**AIM OF THE EXERCISE:** The reply must contain exactly the lines below from the one with "노트북 설정은 아래와" down to the one with "一年生は、養護教諭から、睡眠の大切さやゲームなどのブルーライトの害に", both included, and nothing more; please omit the pictures.

**RECORDS FOR THIS TASK:**
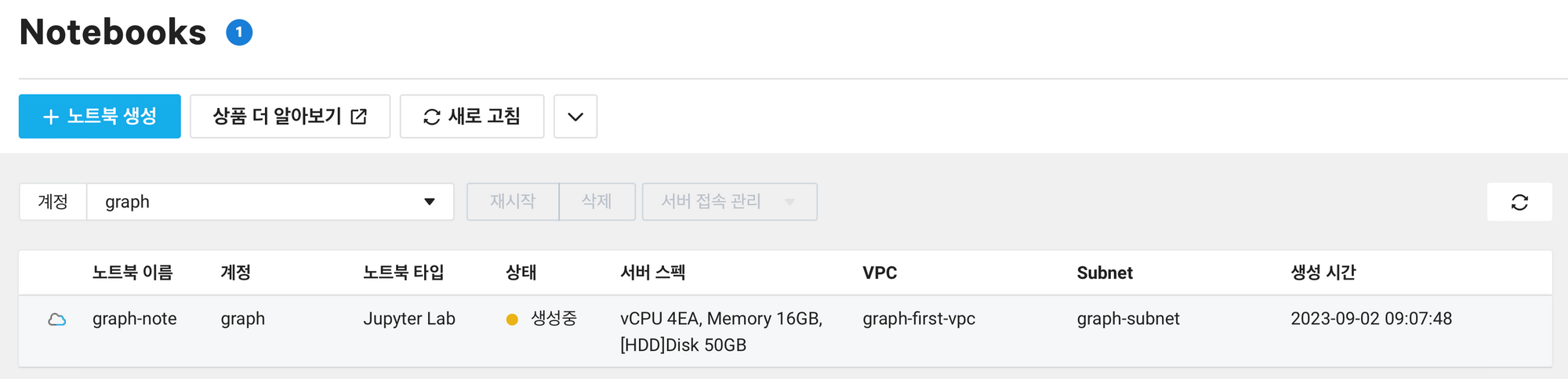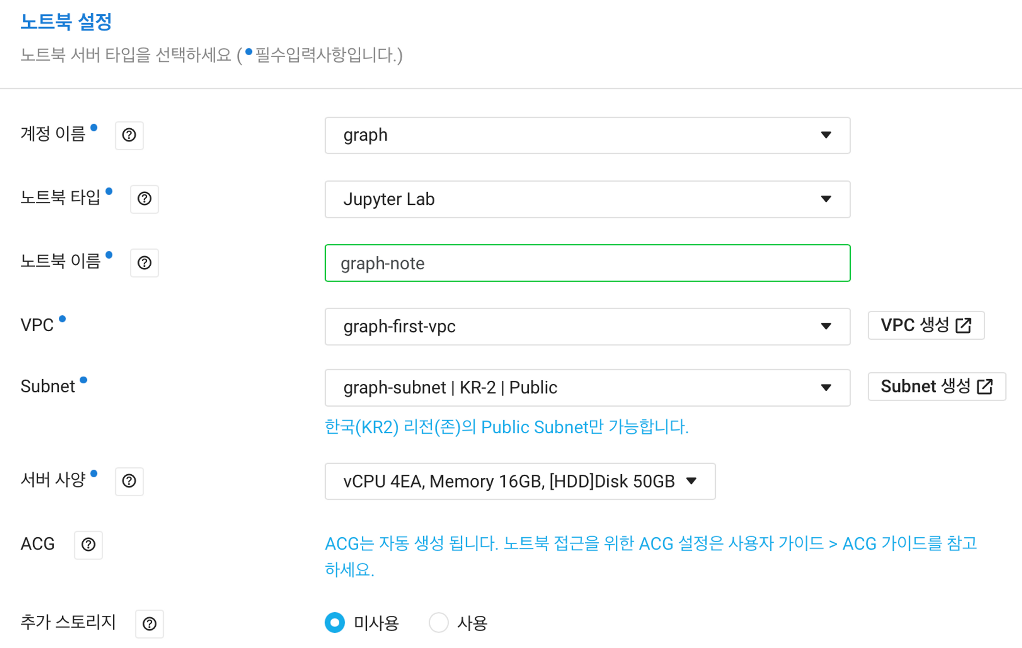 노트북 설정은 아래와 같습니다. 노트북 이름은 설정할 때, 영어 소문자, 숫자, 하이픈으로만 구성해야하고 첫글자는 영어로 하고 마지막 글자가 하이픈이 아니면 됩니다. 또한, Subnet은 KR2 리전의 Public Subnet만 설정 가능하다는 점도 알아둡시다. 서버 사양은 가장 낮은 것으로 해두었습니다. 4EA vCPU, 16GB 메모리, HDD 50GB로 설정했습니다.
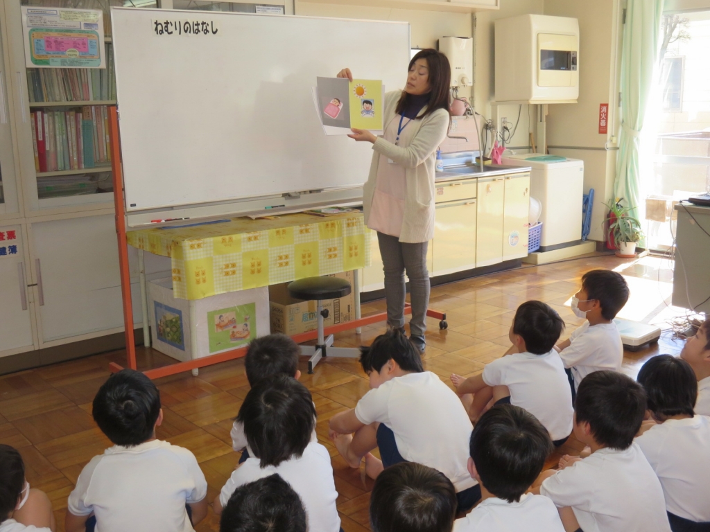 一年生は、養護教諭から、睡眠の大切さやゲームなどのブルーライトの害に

---

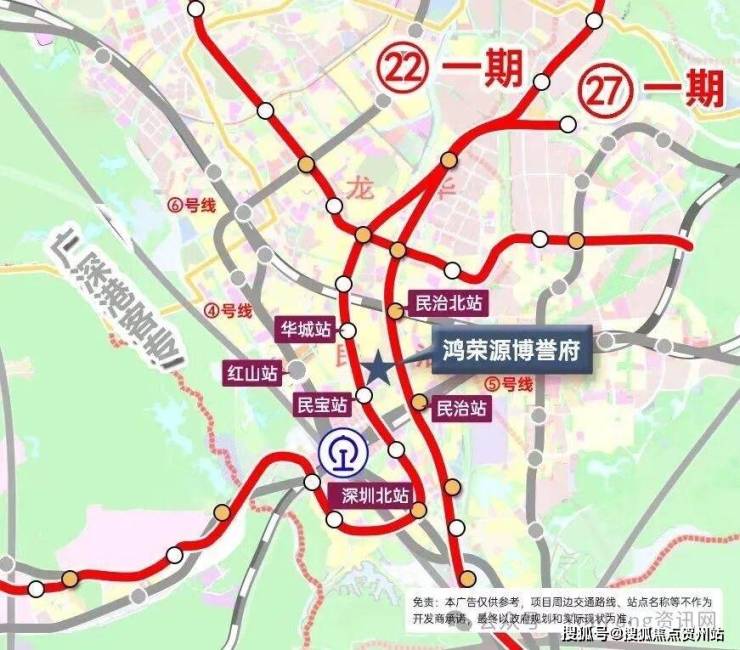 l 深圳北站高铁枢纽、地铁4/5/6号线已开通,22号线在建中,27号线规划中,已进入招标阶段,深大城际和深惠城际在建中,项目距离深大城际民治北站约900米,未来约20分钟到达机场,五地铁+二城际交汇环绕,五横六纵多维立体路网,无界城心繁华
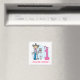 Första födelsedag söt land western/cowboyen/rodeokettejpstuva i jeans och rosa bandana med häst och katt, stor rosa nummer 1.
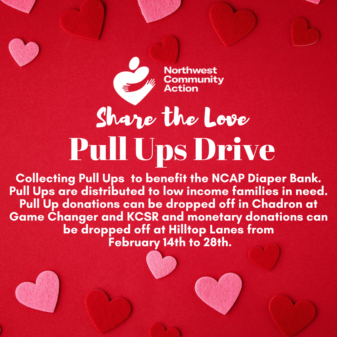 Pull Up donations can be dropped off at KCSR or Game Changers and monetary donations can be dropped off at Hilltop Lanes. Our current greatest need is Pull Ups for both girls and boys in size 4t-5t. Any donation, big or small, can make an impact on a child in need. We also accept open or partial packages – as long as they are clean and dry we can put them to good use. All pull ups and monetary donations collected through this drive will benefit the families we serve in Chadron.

**ANSWER SPACE:**
 노트북 설정은 아래와 같습니다. 노트북 이름은 설정할 때, 영어 소문자, 숫자, 하이픈으로만 구성해야하고 첫글자는 영어로 하고 마지막 글자가 하이픈이 아니면 됩니다. 또한, Subnet은 KR2 리전의 Public Subnet만 설정 가능하다는 점도 알아둡시다. 서버 사양은 가장 낮은 것으로 해두었습니다. 4EA vCPU, 16GB 메모리, HDD 50GB로 설정했습니다.
 一年生は、養護教諭から、睡眠の大切さやゲームなどのブルーライトの害に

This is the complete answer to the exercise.